I’m trying some ideas to improve the speech quality without the use of Forward Error Correction (FEC).

Speech coding is the art of “what can I throw away”. Speech codecs remove a bunch of redundant information. As much as they can. Hopefully with whats left you can still understand the reconstructed speech.

However there is still a bit of left over redundancy. One sample of a model parameter can look a lot like the previous and next sample. If our codec quantisation was really clever, adjacent samples would look like noise. The previous and next samples would look nothing like the current one. They would be totally uncorrelated, and our codec bit rate would be minimised.

This leads to a couple of different approaches to the problem of sending coded speech over channel with bit errors:

The first, conventional approach is to compress the speech as much as we can. This lowers the bit rate but makes the coded speech very susceptible to bit errors. One bit error might make a lot of speech sound bad. So we insert Forward Error correction (FEC) bits, raising the overall bit rate (not so great), but protecting the delicate coded speech bits.

This is also a common approach for sending data over dodgy channels. For data, we cannot tolerate any bit errors, so we use FEC, which can correct every error (or die trying).

However speech is not like data. If we get a click or a pop in the decoded speech we don’t care much. As long as we can sorta make out what was said. Our “Brain FEC” will then work out what the message was.

Which leads us to another approach. If we leave a little redundancy in the coded speech, we can use that to help correct or at least smooth out the received speech. Remember that for speech, it doesn’t have to be perfect. Near enough is good enough. That can be exploited to get us gain over a system that uses FEC.

Turns out that in the Bit Error Rate (BER) ranges we are playing with (5-10%) it’s hard to get a good FEC code. Many of the short ones break – they introduce more errors than they correct. The really good ones are complex with large block sizes (1000s of bits) that introduce unacceptable delay. For example at 700 bit/s, a 7000 bit FEC codeword is 10 seconds of coded speech. Ooops. Not exactly push to talk. And don’t get me started on the memory, MIPs, implementation complexity, and modem synchronisation issues.

These ideas are not new, and I have been influenced by some guys I know who have worked in this area (Philip and Wade if you’re out there). But not influenced enough to actually look up and read their work yet, lol.

The Model

So the idea is to exploit the fact that each codec model parameter changes fairly slowly. Another way of looking at this is the probability of a big change is low. Take a look at the “trellis” diagram below, drawn for a parameter that is represented by a 2 bit “codeword”:

Lets say we know our current received codeword at time n is 00. We happen to know it’s fairly likely (50%) that the next received bits at time n+1 will be 00. A 11, however, is very unlikely (0%), so if we receive a 11 after a 00 there is very probably an error, which we can correct.
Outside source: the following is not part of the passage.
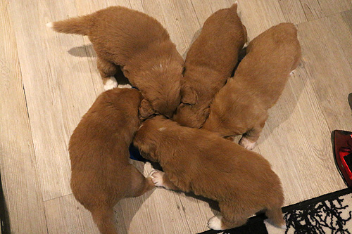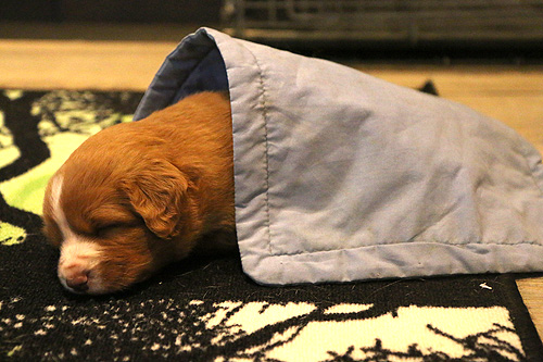 Lapset keksivät, että peittelemällä pennut, ne saavat olla meidän seurana vielä hieman pidempään.

The model I am using works like this:

  1. We examine three received codewords: the previous, current, and next.
  2. Given a received codeword we can work out the probability of each possible transmitted codeword. For example we might BPSK modulate the two bit codeword 00 as -1 -1. However when we add noise the receiver will see -1.5 -0.25. So the receiver can then say, well … it’s most likely -1 -1 was sent, but it also could have been a -1 1, and maybe the noise messed up the last bit.
  3. So we work out the probability of each sequence of three codewords, given the probability of jumping from one codeword to the next. For example here is one possible “path”, 00-11-00:

    total prob =
    (prob a 00 was sent at time n-1) AND
    (prob of a jump from 00 at time n-1 to 11 at time n) AND
    (prob a 11 was sent at time n) AND
    (prob of a jump from 11 at time n to 00 at time n+1) AND
    (prob a 00 was sent at time n+1)

  4. All possible paths of the three received values are examined, and the most likely one chosen.

The transition probabilities are pre-computed using a training database of coded speech. Although it is possible to measure these on the fly, training up to each speaker.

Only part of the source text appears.